I said also that our means of providing for our wants—the gifts of nature, our faculties, activity, discernment, foresight—had no precise measure. Each of these elements is variable in itself—it differs in different men—it varies from hour to hour in the same individual,—so that the whole forms an aggregate which is mobility itself.
If, again, we consider what the circumstances are which influence value—utility, labour, rarity, judgment—and reflect that there is not one of these circumstances which does not vary ad infinitum, we may well ask why men should set themselves so pertinaciously to try to discover a fixed measure of Value?
It would be singular, indeed, if we were to find fixity in a mean term composed of variable elements, and which is nothing else than a Relation between two extreme terms more variable still!
The Economists, then, who go in pursuit of an absolute measure of value are pursuing a chimera; and, what is more, a thing which, if found, would be positively useless. Universal practice has adopted gold and silver as standards, although practical men are not ignorant how variable is the value of these metals. But of what importance is the variability of the measure, if, affecting equally and in the same manner the two objects which are exchanged, it does not interfere with the fairness and equity of the exchange? It is a mean proportional, which may rise or fall, without, on that account, failing to perform its office, which is to show the Relation of two extremes.
The design of the science is not, like that of exchange, to discover the present Relation of two services, for, in that case, money would answer the purpose in view. What the science aims at discovering is the Relation between Effort and Satisfaction; and for this purpose, a measure of value, did it exist, would teach us nothing, for the effort brings always to the satisfaction a varying proportion of gratuitous utility which has no value. It is because this element of our well-being has been lost sight of that the [p171] majority of writers have deplored the absence of a measure of Value. They have not reflected that it would not enable them to answer the question proposed—What is the comparative Wealth or prosperity of two classes, of two countries, of two generations?
In order to resolve that question, the science would require a measure which should reveal to it not only the relation of two services, which might be the vehicle of very different amounts of gratuitous utility, but the relation of the Effort to the Satisfaction, and that measure could be no other than the effort itself, or labour.
But how can labour serve as a measure? Is it not itself a most variable element? Is it not more or less skilful, laborious, precarious, dangerous, repugnant? Does it not require, more or less, the intervention of certain intellectual faculties, of certain moral virtues? and, according as it is influenced by these circumstances, is it not rewarded by a remuneration which is in the highest degree variable?
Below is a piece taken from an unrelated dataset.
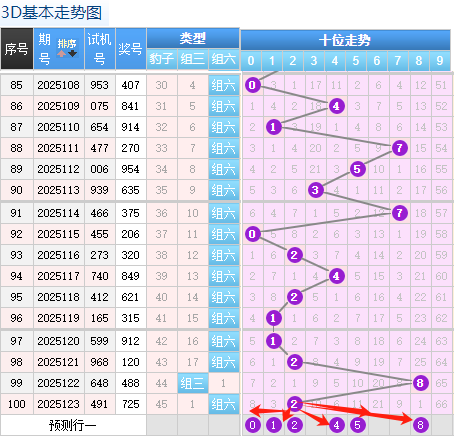 上期的3D个位开5号球,上期开出的是组六按照形态的话本期打组六小防组三,上期的5号球的落位是个位上的小号码的一个常搭配的落位走势,本期先来看0号球在个位还是有机会走出拉拽的一个概率的,9号球是上期5号球的一个分边的大号码的形态趋势这个位置也是很好看的落位点,然后看8号球的要注意要是走出3跨度的形态的话这里的位置还是很好看的也是一个拉拽的形态要是这里的不看好的话就防守9号球走一个错位的落位点。

There is one species of labour which, at all times, and in all places, is identically the same, and it is that which must serve as a type. I mean labour the most simple, rude, primitive, muscular,—that which is freest from all natural co-operation—that which every man can execute—that which renders services of a kind which one can render to himself—that which exacts no exceptional force or skill, and requires no apprenticeship,—industry such as is found in the very earliest stages of society: the work, in short, of the simple day-labourer. That kind of labour is everywhere the most abundantly supplied, the least special, the most homogeneous, and the worst remunerated. Wages in all other departments are proportioned and graduated on this basis, and increase with every circumstance which adds to its importance.
If, then, we wish to compare two social states with each other, we cannot have recourse to a standard of value, and for two reasons, the one as logical as the other—first, because there is none; and, secondly, because, if there were, it would give a wrong answer to our question, neglecting, as it must, a considerable and progressive element in human prosperity—gratuitous utility.
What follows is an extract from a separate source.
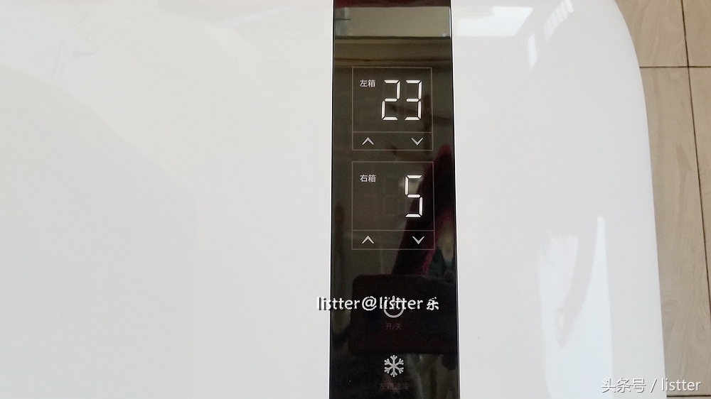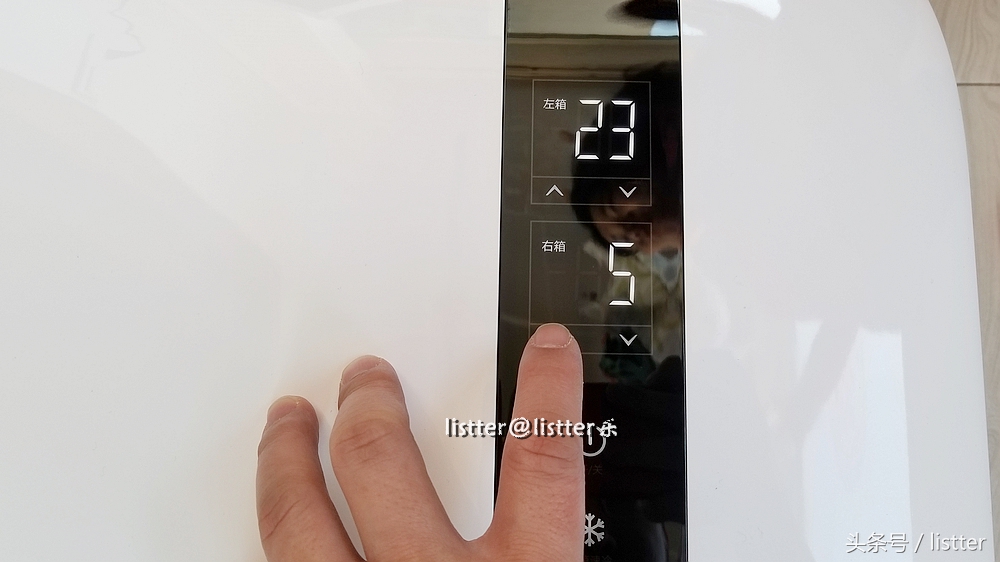 繼續來看顯示屏位置。T20的顯示屏非常漂亮,采用一體化觸控屏,息屏狀態下就是一條整體性非常好的黑色裝飾帶,通電后屏幕和控制按鈕亮起,數字區分為兩個部分,上下分別是左箱溫度和右箱溫度。可以通過數字底下的上下按鈕進行溫度的調節,步進為1℃,調教非常精準。

What we must do, on the contrary, is to put Value altogether out of sight, particularly the consideration of money; and ask the question, What, in such and such a country, and, at such and such an epoch, is the amount of each kind of special utility, and the sum total of all utilities, which correspond to a given amount of unskilled labour? In other words, what amount of material comfort and prosperity can an unskilled workman earn as the reward of his daily toil? [p172]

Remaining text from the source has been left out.